You can accelerate electrons, protons, or other particles. It's easier to
accelerate electrons/positrons and protons/antiprotons because they have a
looooong life and they are charged.

Usually in modern big accelerators they use a particle and an antiparticle,
because you can reuse the big tunnel for both. The largest one that used
electrons-positrons was the LEP
[https://en.wikipedia.org/wiki/Large_Electron–Positron_Collid...](https://en.wikipedia.org/wiki/Large_Electron–Positron_Collider)
, but they "dismantle" it and are using the big tunnel for the LHC that use
protons-antiprotons.

But if you want to construct two gigantic tunnels instead of one you can make
an electron-electron collider. It's probably easier to convince an electron to
colide with a positron, but I'd like to ask an expert to get the exact number.

If a very fast electron goes nearby another electron they can get very close
before the electrostatic repulsion wins. When there are nearby, they can
interchange some very high energy photons, and perhaps some W or Z particles.
If you are lucky enough, some of the particles they interchange may escape and
steal some energy from the fas electron.

The electrons never really collide, they never touch the other electron. But
if you see this from far away (like a few millimeters away) it looks like they
have collided and released a particle.

For an exact calculation you must replace the handwaving an small balls story
with some Feynman diagrams and quantum mechanics, but the story is close
enough.

When you have an electron and a positron, they also don't really collide. They
release some photons and other particles. Sometimes all the intermediate
particles get reabsorbed and the electron/positron just change direction.
Sometimes both disappear and you just see the other particles that gamma
rays(that are photons). Sometimes something in between.

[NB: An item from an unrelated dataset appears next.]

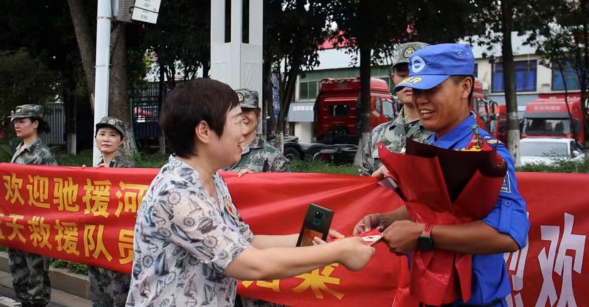 8月6日下午,市红十字会主要负责人和救援队队员们热烈欢迎驰援河北省涿州市的益阳市蓝天救援队凯旋。“抢险救援圆满完成任务,安全返回!”下车后,救援队员列队集合,市红十字会主要负责人对救援人员平安凯旋表示热烈欢迎和祝贺。市民群众夹道迎接英雄们的到来,赞扬他们是无私无畏、心怀大爱的勇士。

With protons-antiprotons it's more complicated because each has three quarks
and a lot of gluons that make the calculation more complicated, but at the end
it's the same story. The quarks never really colide.

Edit: There are electron-positron nodes in Feynman diagrams, so it's better to
say that they can colide, but at high energy the collision is much more
complicated than expected because they can interchange particles before the
collision.